- _Extracted data_

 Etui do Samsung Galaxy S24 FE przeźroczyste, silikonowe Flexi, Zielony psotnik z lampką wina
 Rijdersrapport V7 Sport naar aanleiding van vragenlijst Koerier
* * *
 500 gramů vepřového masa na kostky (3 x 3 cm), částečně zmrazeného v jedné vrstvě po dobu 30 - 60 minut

- _Your task_
In your answer, include only the lines above starting at the line that holds "Etui do Samsung" and ending at the line that holds "Rijdersrapport V7 Sport", copied exactly.

- _Solution for this exercise_
 Etui do Samsung Galaxy S24 FE przeźroczyste, silikonowe Flexi, Zielony psotnik z lampką wina
 Rijdersrapport V7 Sport naar aanleiding van vragenlijst Koerier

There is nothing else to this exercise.